Help w/First Fundamental Theorem of Calculus

[Hurricane3]

For the first fundamental theorem of calculus, I don't quite understand it...

I think I got the integral part, but not the interval [a,x]...

can you guys help me? thx

 

[SiddharthM]

Well your question is very vague but I will try and address any misunderstanding you may have.
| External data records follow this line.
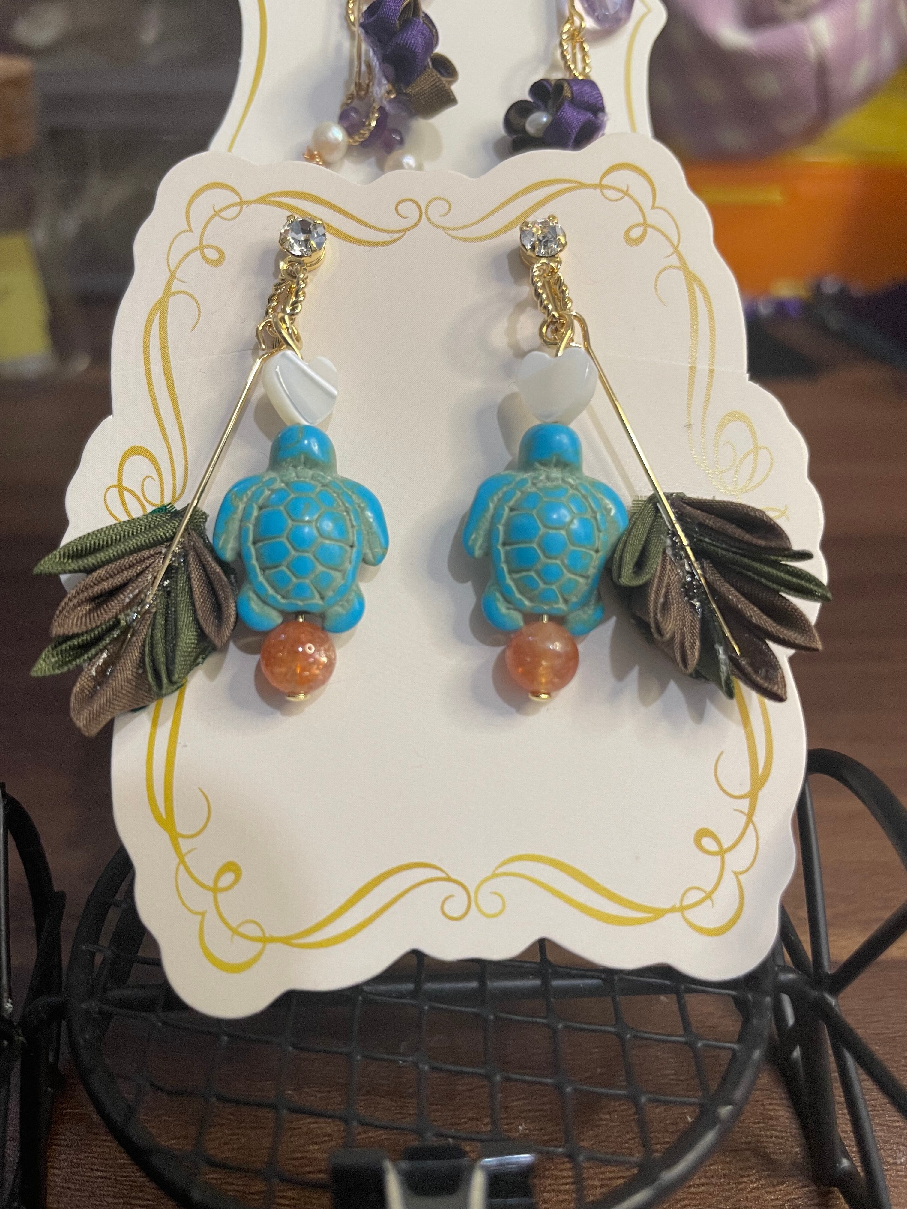 特徴は、愛らしいカメモチーフに輝くサンストーンとシェル、そしてシルクの葉が見事に調和し、耳元に自然の美しさを加えます。特にサンストーンの温かみのある輝きは、あなたのスタイルに優雅なアクセントを与え、どんな場面でも注目を集めることでしょう。一つ一つ丁寧に手作りされており、軽やかな着け心地で、存在感を感じつつもストレスなくご利用いただけます!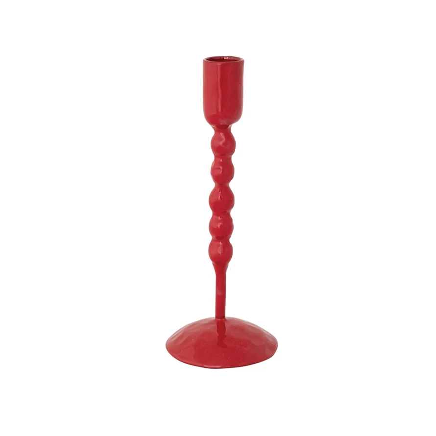 Hand-Forged Enameled Cast Iron Taper Holder, Red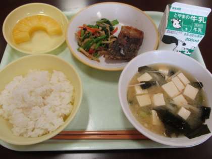 最後の給食は「ごはん、魚のかば焼き、はりはりあえ、味噌汁、カットパイン」でした。3学期の給食も、おいしく安全にいただきました。また、委員会児童は、1年間、放送の仕事を責任をもってやり遂げました。
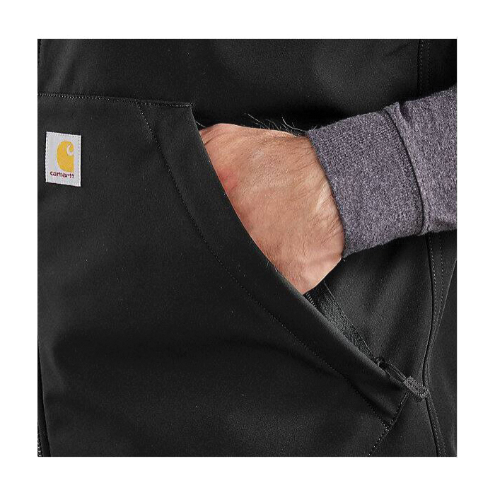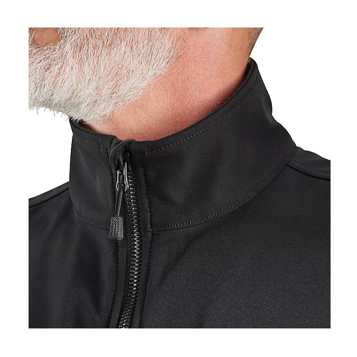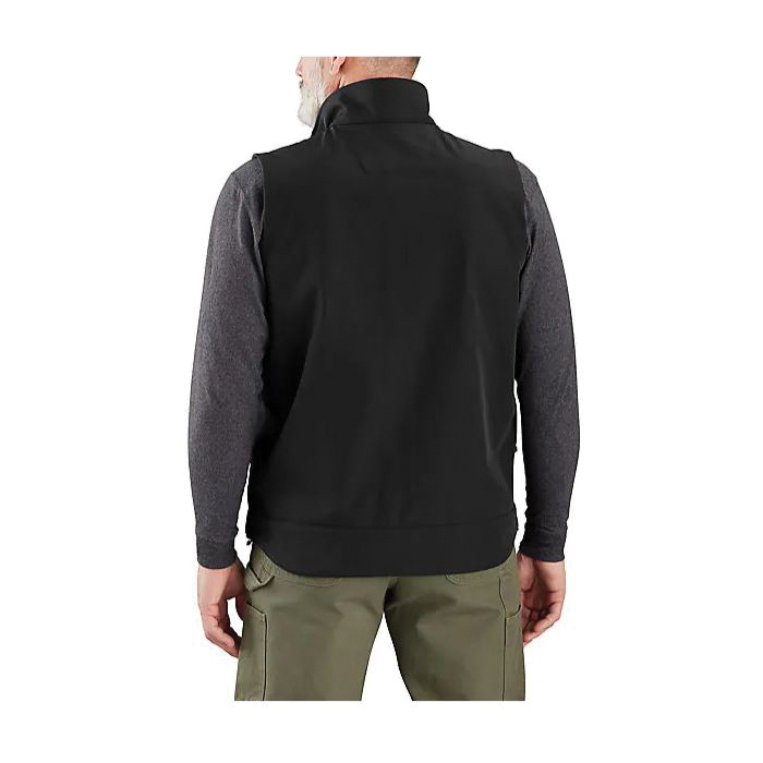 This men's softshell vest is designed to tackle the elements. Work outside in comfort with features made to protect you from wind and water. It's longer in back and has a relaxed fit, so you can move freely and focus on the task at hand.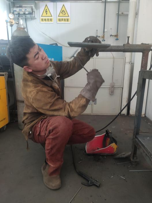 焊接技術(shù)賽項由機械工程系黨員教師劉強、林廣飛指導(dǎo)訓(xùn)練。“焊接技術(shù)賽項集手工焊條電弧焊、氣體保護焊、氬弧焊和機器人焊接于一體。我們按照前期制定的訓(xùn)練計劃,要求選手每天在焊接車間綜合運用焊接方法,在規(guī)定時間內(nèi)完成焊接任務(wù),以此不斷強化選手綜合能力?!绷謴V飛介紹道。

The first fundamental theorem of calculus says that given a real valued function defined on [a,b] and if we define a new function F (note that little f and big F are two different functions here) by

F(x)=integral (lower limit is a, upper limit is x) of f(x) dx

then F(x) is continuous on all x in the closed interval [a,b]. Furthermore, if the function f is continuous at a point u that is inside the closed interval [a,b] then F is differentiable at u and it's derivative is f(u).
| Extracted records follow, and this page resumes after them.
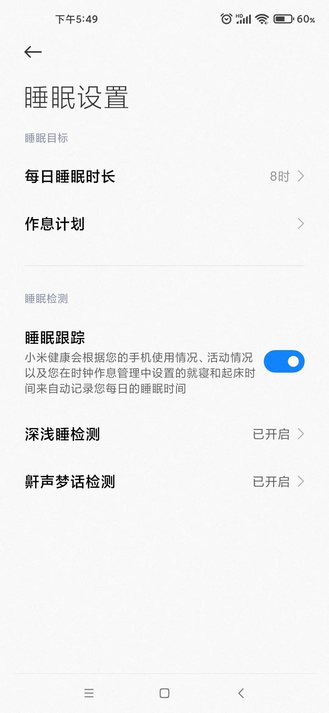 5.開啟深淺睡眠檢測和鼾聲夢話檢測。睡覺時把手機放在枕邊,就可以聽到自己的鼾聲了,當然前提是睡覺時打鼾。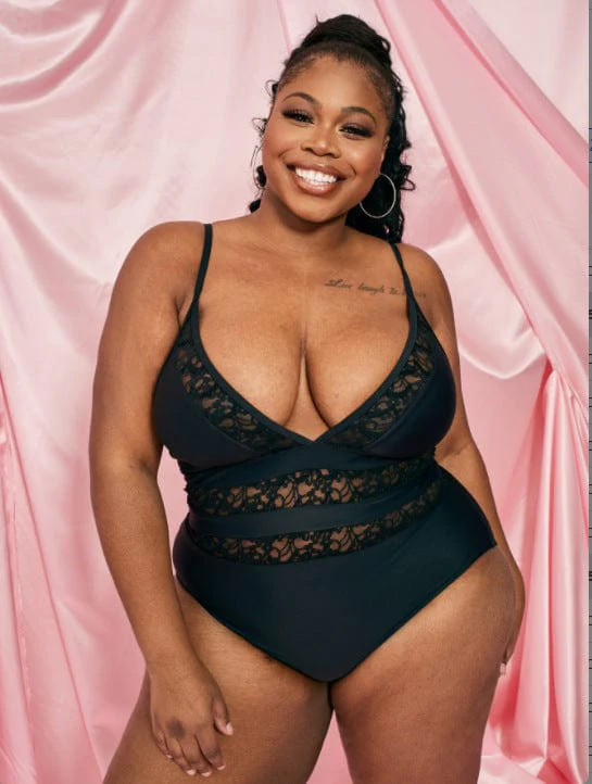 Plus Plunge Floral Lace Lined One-Piece
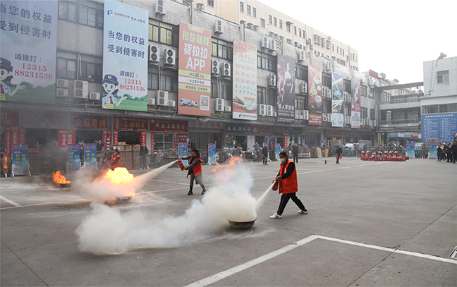 本次灭火演练包括灭火器、消火栓的使用2个演练科目。招商场安全管理部工作人员为大家详细讲解了消防安全知识、市场中容易被忽视的安全隐患、安全防范措施、常见消火栓的类型及使用注意事项等内容。在实操演练中,大家踊跃参与、上手操作,亲身体验使用干粉灭火器扑灭火源的过程,熟练掌握了灭火器的“拔、握、喷”三个主要步骤,并积极动手连接消防水带,体验用水枪灭火,有效提升了防火安全意识和扑救初起火灾的能力。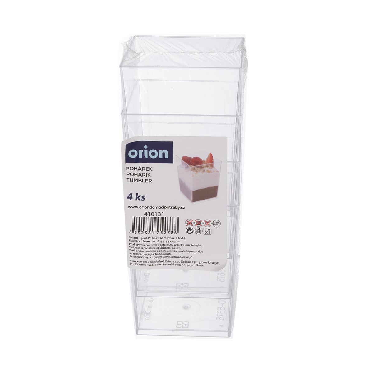 Kód produktu 410131Sada 4 ks transparentných hranatých pohárikov je ideálna na chladené sladké dezerty typu Panna cotta, Tiramisu aj slané pochúťky a peny.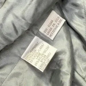 • Thread thinning on left back sleeve with underlayer visible (see close-up photo). Does not affect wear, priced accordingly.

the first part of the theorem says that if you change the upper limit of integration a LITTLE bit then the change in integrals is also LITTLE. The second part is just saying that if f is continuous at a point then F is SMOOTH (ie differentiable) at that point and that the derivative operation and integral undo one another.
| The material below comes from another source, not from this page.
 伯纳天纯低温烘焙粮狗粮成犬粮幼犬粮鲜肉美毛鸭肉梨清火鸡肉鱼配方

[a,x] is a subset of [a,b]. It is a fact that if f is integrable on [a,b] and x is a point in the interval [a,b] then f is integrable on [a,x].

hope this helps.

 

[Hurricane3]

ah i still dun understand...

can we work on an example from the textbook?
The example is:
Find the derivative of
\intcost dt from 0 to \sqrt{x}
by

a. evaluating the integral and differentiating the result
b. by differentiating the integral directly

for part a.
The integral of cos(t) is sin(t). Thus the integral from 0 to \sqrt{x} is
sin\sqrt{x} - sin(0)
= sin\sqrt{x}
Differentiating that, I get \frac{cos\sqrt{x}}{2\sqrt{x}}

I guess my problem is differentiating an integral directly...

What would happen if its from sin(x) to x? or from 5 to x?